Initial Public Offering of Closed-End Technology Fund Led by Paul Wick and the Seligman Technology Team of RiverSource Investments, LLC
Fund Employs a Rules- Based Call Option Writing Strategy to Mitigate Market Risk, Provide Income
MINNEAPOLIS —November 25, 2009 — Seligman Premium Technology Growth Fund, Inc. (NYSE: STK) (the "Fund") announced today that it raised approximately $262 million in its initial public offering. The Fund is a closed-end fund which commenced trading today on the New York Stock Exchange. The Fund's investment manager is RiverSource Investments, LLC ("RiverSource Investments"). The underwriting syndicate was led by Wells Fargo Securities, LLC, UBS Investment Bank and Ameriprise Financial Services, Inc. The Fund's investment objectives are to seek growth of capital and current income. The Fund offers:
Investment Team
Technology-Focused Investment Strategy
Under normal conditions, the Fund intends to invest at least 80% of its managed assets in technology and technology-related companies that Riversource Investments believes offer attractive opportunities for capital appreciation. Up to 25% of those assets could be invested in companies organized outside of the United States.

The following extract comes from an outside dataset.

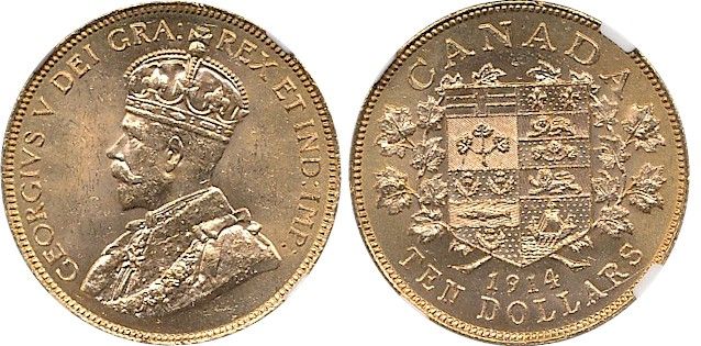 1914 $10 Gold NGC MS64. Designated as part of The Bank of Canada hoard.

"Our team may be one of the deepest in technology investing, and includes 14 analysts who provide intensive bottom-up research," says Wick. He noted that the team's rigorous investment process focuses on companies that exhibit strong growth potential, high profit margins or return on capital, attractive valuations or cash flow, quality management and unique competitive advantages.
"Technology remains a potent growth theme in the domestic and global economies, and has historically produced impressive returns during market recoveries," added Diwan.
Rules-Based Call Option Writing Strategy
A rules-based call option writing strategy managed by John Schonberg seeks to cushion downside volatility and produce current income, while still positioning the Fund to capture significant amount of upside opportunity from its investments in technology and technology-related stocks. Under its rules-based option strategy, the Fund will write call options on the NASDAQ 100 Index or its exchange-traded fund equivalent (the "NASDAQ 100") on a month-to-month basis, with an aggregate notional amount typically ranging from 25 - 90% of the underlying value of the Fund's holdings of common stock.
In addition to the rules-based option strategy, the Fund may write additional calls (to a maximum of 90% of the underlying value of the Fund's holdings of common stock) when aggregated with the call options written pursuant to the rules-based option strategy) when call premiums are attractive relative to the risk of the price of the NASDAQ 100.
"In general, we expect to write more options when market volatility (and, accordingly, premiums are high) is high and fewer when volatility (and, accordingly, premiums are low) is modest," said Schonberg, whose call option experience includes five years as head of a market-neutral equity vehicle and manager of the risk management strategy for a target-date fund series. "The Fund is for financial advisors whose clients are interested in potentially attractive return opportunities, but have concerns about unmanaged volatility," added Schonberg.
The Fund may also seek to provide downside protection by purchasing puts on the NASDAQ 100 when premiums on these options are considered by RiverSource Investments to be low and, therefore, attractive relative to the downside protection provided.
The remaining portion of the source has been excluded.